Shadowy offshore tax havens have long been associated with spy tales and James Bond villains, and now it seems some of the people implicated in the huge Panama documents leak weren’t immune to the fantasy either.
Among the 11 million documents leaked from Mossack Fonseca, a Panamanian law firm that specializes in setting up complex offshore corporate structures, are files showing that the firm established companies named after James Bond movies and villains, according to theconsortium of journalists that published the leaks.
The files include companies named Goldfinger, SkyFall, GoldenEye, Moonraker, Spectre and also Blofeld, the arch Bond nemesis fond of remote island lairs, the Organized Crime and Corruption Reporting Project (OCCRP), which investigated the files alongside 100 other media outlets, wrote in an article.
The files also include “correspondence from a man named Austin Powers, apparently his real name and not the movie character, and Jack Bauer, a real person whom a Mossack Fonseca employee entered into the firm’s database as a client after the employee “met him at a pub,” the reporting project wrote.
Jack Bauer was also the character portrayed by Kiefer Sutherland in the hit TV series “24.”
The investigations around the so-called Panama Papers began being published Sunday, and have shone an unusual light on the closed world of offshore corporations. The documents are the biggest whistleblower leak in history and, so far, the alleged revelations have appeared to lay bare the financial dealings of former spy chiefs, criminals and officials, including friends of Russian President Vladimir Putin and relatives of Syrian President Bashar al-Assad.

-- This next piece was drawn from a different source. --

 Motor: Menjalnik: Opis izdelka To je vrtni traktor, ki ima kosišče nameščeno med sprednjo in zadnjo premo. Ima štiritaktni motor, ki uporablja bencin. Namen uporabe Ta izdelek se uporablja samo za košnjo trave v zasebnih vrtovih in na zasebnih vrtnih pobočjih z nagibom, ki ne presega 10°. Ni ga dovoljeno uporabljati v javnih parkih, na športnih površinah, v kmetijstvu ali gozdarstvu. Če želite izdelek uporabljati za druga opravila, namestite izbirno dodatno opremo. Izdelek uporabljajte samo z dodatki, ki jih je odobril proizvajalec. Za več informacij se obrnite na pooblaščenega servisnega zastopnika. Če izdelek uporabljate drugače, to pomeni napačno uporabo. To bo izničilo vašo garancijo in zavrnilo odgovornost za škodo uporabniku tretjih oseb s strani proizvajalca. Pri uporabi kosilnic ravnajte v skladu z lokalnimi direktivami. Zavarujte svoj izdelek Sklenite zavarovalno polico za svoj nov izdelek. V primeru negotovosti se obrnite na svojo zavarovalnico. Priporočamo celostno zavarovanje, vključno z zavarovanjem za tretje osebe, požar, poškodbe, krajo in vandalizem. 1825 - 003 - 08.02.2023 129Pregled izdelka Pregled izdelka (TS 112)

Using offshore structures is often perfectly legal and has many legitimate purposes, but they can also facilitate opaque transfers of cash and other dubious practices, making them attractive to criminals, as well as to intelligence services. The names of many real spies and their bosses were found in the files, including Saudi Arabia’s former intelligence chief and a number of alleged CIA agents and gun-runners, according to the investigative group.

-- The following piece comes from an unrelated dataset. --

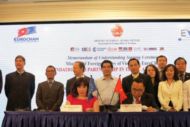 (VOVworld) – Eine Konferenz über die Chancen und Herausforderungen für Unternehmen und Provinzverwaltungen, wenn das Freihandelsabkommen zwischen Vietnam und der EU unterzeichnet wird, hat am Montag in Ho Chi Minh Stadt stattgefunden. Organisiert wurde sie vom Außenministerium, der europäischen Handelskammer in Vietnam Eurocham und dem EU-Vietnam-Handelsnetzwerk EVBN. Die Experten aus Europa und Vietnam haben ihre Einschätzungen über das Potenzial und die Effektivität des Freihandelsabkommens zwischen Vietnam und der EU ausgetauscht. Sie berieten konkrete Maßnahmen, um die Fähigkeit sowie das Bewusstsein der Provinzverwaltung und lokaler Unternehmen darüber zu verbessern. Beide, Provinzverwalter und Unternehmer, spielen eine wichtige Rolle bei der Umsetzung des Freihandelsabkommens. Die europäischen Unternehmer haben sich außerdem mit heimischen Unternehmern und Provinzverwaltern getroffen, um ihre Kooperation zu fördern und die Investitionen der europäischen Investoren im ganzen Land auszuweiten.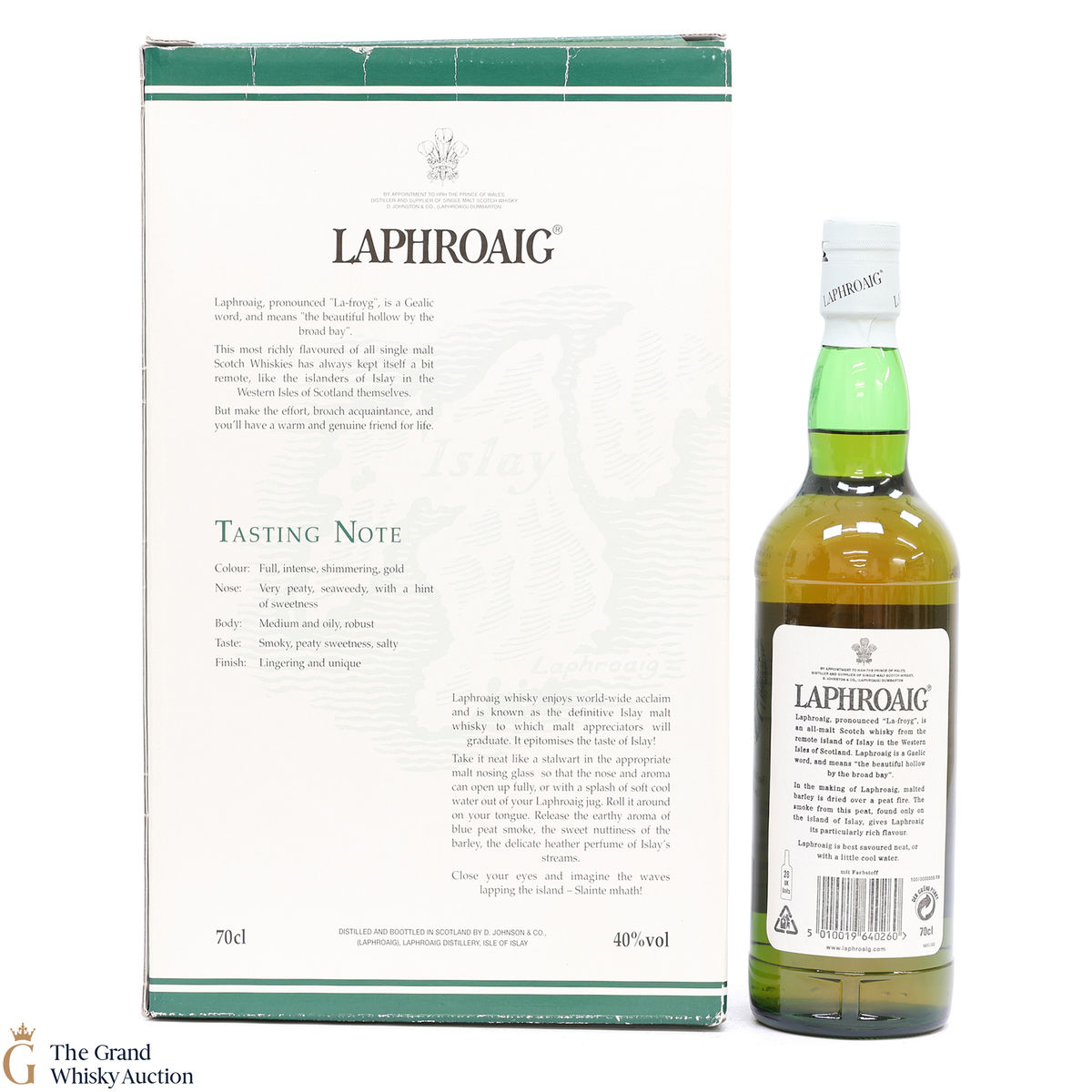 A 70cl of the medicinal 10-year-old from Islay's bestselling distillery, Laphroaig. In making Laphroaig, malted barley is dried over a peat fire. The smoke from this peat, found only on Islay, gives Laphroaig its particularly rich flavour.

Some of those reportedly mentioned in the documents seem aware that some of their prospective clients’ practices would be familiar to the world of Bond.
“I’ll suggest a name like ‘World Insurance Services Limited’ or maybe ‘Universal Exports’ after the company used in the early James Bond stories but I don’t know if we’d get away with that!” an intermediary to Mossack Fonseca is reported to have written on behalf of a client looking to set up an alleged front company.
Universal Exports was a fictional company set up by the British intelligence services in Ian Fleming’s James Bond novels.